寺内公一先生(以下、寺内) 頻尿とは、単純にトイレに行く回数が多いことをいいます。けれども、頻尿につながる原因は一つではありません。例えば、水を飲み過ぎたのかもしれないし、細菌性の膀胱炎だったということもあるでしょう。そして、これからお話しする萎縮性腟炎、過活動膀胱、尿失禁などによっても頻尿は起こります。

また更年期以降、年齢を重ねると、夜中にトイレに起きることが増えます。就寝後にトイレに1回以上起きることを「夜間頻尿」といいます。
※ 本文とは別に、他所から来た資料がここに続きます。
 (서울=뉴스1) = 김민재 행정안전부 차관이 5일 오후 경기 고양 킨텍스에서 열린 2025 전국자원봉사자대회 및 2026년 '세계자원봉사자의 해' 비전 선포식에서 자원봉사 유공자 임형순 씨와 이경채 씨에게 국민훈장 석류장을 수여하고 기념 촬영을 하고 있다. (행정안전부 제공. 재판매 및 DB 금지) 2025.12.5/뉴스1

平均年齢76歳の784名を5年間追跡した日本の調査では、夜間頻尿がある人は、骨折や死亡のリスクが高くなると報告されています※1

寺内 夜中にトイレに行くと転倒するリスクが高くなります。骨粗鬆(しょう)症の方は、転んだ拍子に大腿骨などの大きな骨を骨折することがあり、高齢者の場合は、そのまま寝たきりになることも珍しくありません。夜中のトイレが、骨折や死亡リスクを高める要因になるのです。
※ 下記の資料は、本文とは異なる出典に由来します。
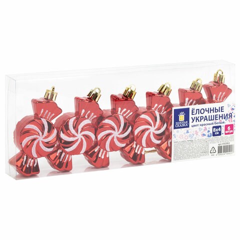 Украшение ёлочное "Конфетки", 6 шт., 8х4 см, пластик, цвет: красный/белый, ЗОЛОТАЯ СКАЗКА, 592002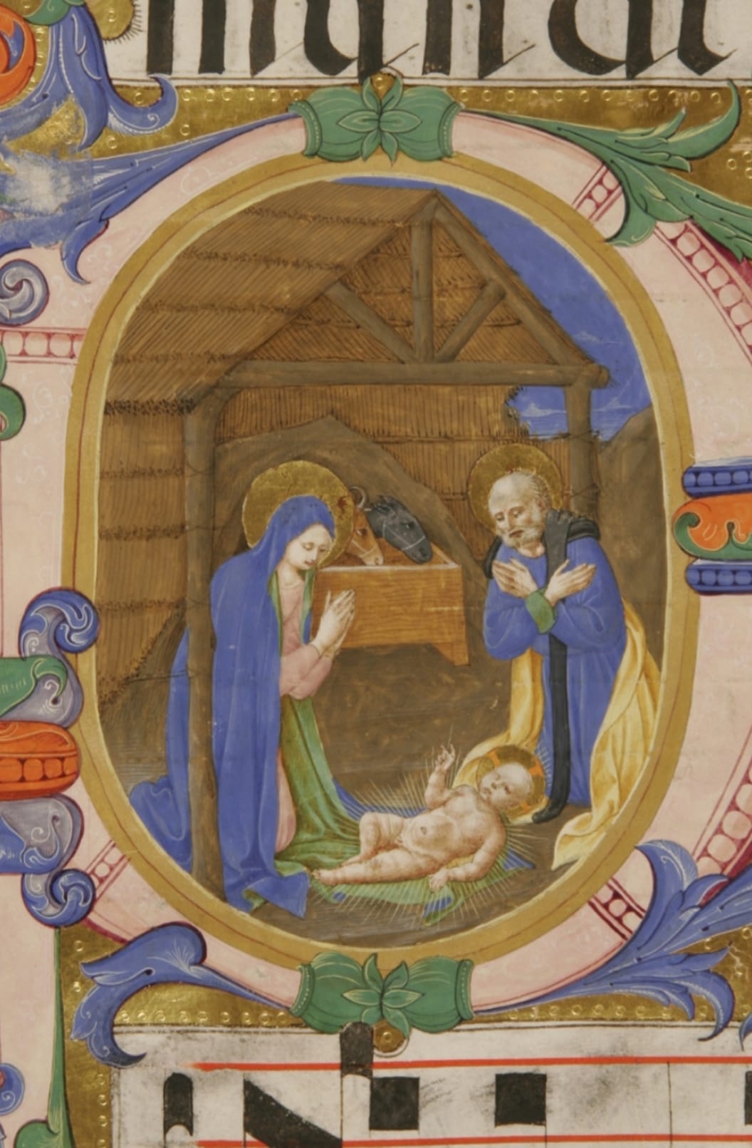 Le scene della Natività compaiono spesso all’interno dell’iniziale P di Puer natus est, il canto che apre la celebrazione natalizia. In queste miniature ritroviamo i personaggi tradizionali del presepe: Gesù Bambino, Maria, Giuseppe, il bue e l’asino, inseriti in composizioni semplici ma ricche di simbolismo.

寺内 頻尿については、たかがおしっこの話でしょう、と心ないことを言われることがよくあります。けれども、尿の悩みがうつにつながることもありますし、命に関わることもあります。とても重要な問題だと考えています。

※1 Nakagawa 2010 J Urol 184:1413



頻尿と女性ホルモンとの関係は?

寺内 さきほどもお話しましたが、頻尿になる原因はさまざまです。ですので、頻尿の原因の一つにエストロゲンが関係するものもある、ということになります。

更年期にエストロゲンの分泌量がゆらいで少なくなると、高コレステロール血症、心血管疾患、骨粗鬆症、認知症などの疾患が現れやすくなりますが、なかでも、泌尿生殖器の萎縮症状は、比較的早く現れる疾患の一つです。
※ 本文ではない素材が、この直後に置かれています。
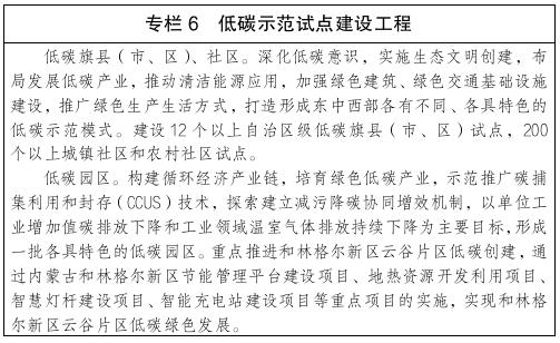 低碳旗縣(市、區(qū))試點(diǎn)。明確自治區(qū)低碳旗縣(市、區(qū))建設(shè)內(nèi)容和建設(shè)標(biāo)準(zhǔn),完善激勵(lì)政策和投融資渠道,開展試點(diǎn)旗縣(市、區(qū))低碳發(fā)展建設(shè)工作,鼓勵(lì)開展碳排放達(dá)峰行動(dòng),支持試點(diǎn)率先達(dá)峰。“十四五”末,力爭創(chuàng)建12個(gè)自治區(qū)級(jí)低碳旗縣(市、區(qū))試點(diǎn),其中一半以上建設(shè)成為環(huán)境質(zhì)量達(dá)標(biāo)和二氧化碳排放達(dá)峰“雙達(dá)”試點(diǎn)示范。

エストロゲンが減って外陰部や腟が萎縮し、また水分保持量が低下するので乾燥します。

また閉経前は、エストロゲンの作用で、腟上皮細胞はグリコーゲン(筋肉や肝臓にもためられている炭水化物)を多く含んでいます。細胞が腟内に剥がれ落ちると、腟の常在菌がそれを代謝します。その代謝によって腟内のpHが酸性に保たれ、それ以外の菌が生育しにくい環境がつくられます(自浄作用)。

けれども、閉経後にエストロゲンが低下すると、腟上皮細胞に含まれるグリコーゲンの含有量は低下します。すると、常在菌も減少し、腟内のpHが上昇。腟の自浄作用が失われるため、常在菌以外の菌が増加しやすい環境になり、腟の粘膜が薄くなって出血しやすくなります(萎縮性膣炎)。

寺内 はい。自覚症状としては、腟の乾燥、出血、性交痛、外陰部のかゆみ・不快感、おりものの異常などがあります。また、腟の雑菌による尿路感染(尿道で炎症が起きること)や、その影響による頻尿や尿漏れなどもあります。このことは、閉経後の女性が抱える大きな悩みの一つといえます。



加齢が影響する下部尿路症状

寺内 「下部尿路症状」といって、男女を問わず加齢によって、「尿をためる」「尿を出す」「尿を出した後」に関する自覚症状が現れやすくなります。女性は、「尿をためる」ことに関するトラブルが多く、「頻尿」「尿意切迫感」「尿失禁」が生じやすくなります。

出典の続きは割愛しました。